# Sig P250 C to a SC?



## Sonny Boy (Sep 20, 2009)

Can a Sig P250C beconverted to a Subcompact? 

If so, in all calibers?

Is this gun a piece of crap or a good gun. I have read conflicting review, which is expected.


----------



## xjclassic (May 15, 2008)

This is from Sigs website.


The P250®, a modular pistol that allows the shooter to change caliber and size at will....
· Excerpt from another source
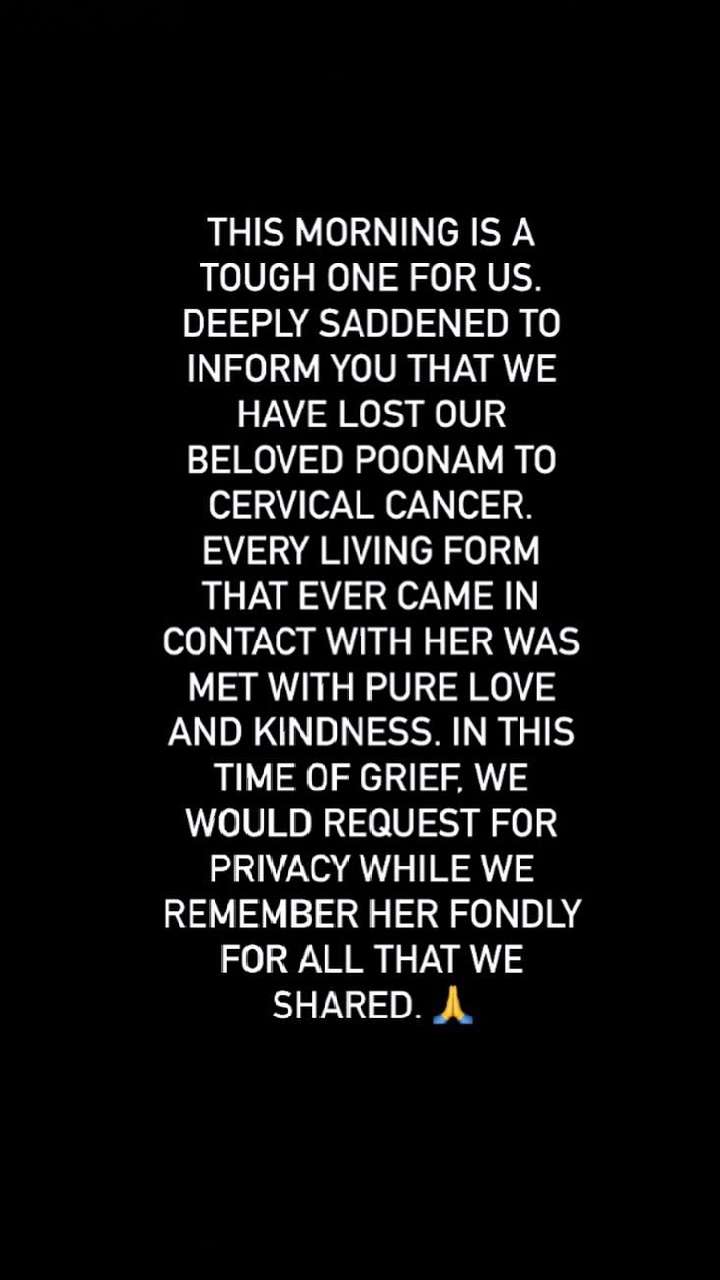 2 फरवरी को पूनम पांडे के सोशल मीडिया अकाउंट पर इस बात का जानकारी आई थी। अकाउंट पर एक पोस्ट शेयर किया गया जिसमें बताया कि अब पूनम नहीं रहीं। वहीं कई लोगों का कहना है कि उनका अकाउंट हैक हो गया है।

The SIG SAUER® P250 was designed specifically to address the future needs of the military, law enforcement, and civilian shooters around the world. The P250 will be available in the most popular calibers (9mm, .357SIG, .40S&W and .45ACP). The P250's innovative design enables the shooter to quickly remove the functional mechanism and place it into the polymer grip of his choice. This allows an immediate change in caliber and size;(subcompact, compact and full). And after any change the pistol delivers both outstanding accuracy and reliable functionality. Its modularity not only provides incredible ease of maintenance, but also provides a solution for accommodating different hand sizes - there are 6 different ergonomic combinations for each size, accomplished by changes in grip circumference and trigger style. Now you can own the world's only modular shooting system globally engineered to deliver the "To-Hell -And-Back-Reliability" you've come to expect from Sig Sauer.


----------



## Ananael (Oct 28, 2009)

The kits to do the conversion aren't out yet, but in theory you will be able to, yes, and in all the calibers, yes. Won't be cheap, though.

They're good guns, just some early problems that seem to be fixed, and Sig is lagging with getting all the conversion kits to market.

Check TGS for an idea of decent prices of the kits, etc. when they become available.


----------



## dosborn (Apr 17, 2009)

You can do it, but you can buy the whole gun in SC 9mm right now for about the cost of the frame and slide kit, when the kits come out.

I like mine. I have the compact .45 so if I want to change anything I might as well buy a new gun. With the .45, the grip will not work for the other calibers.


----------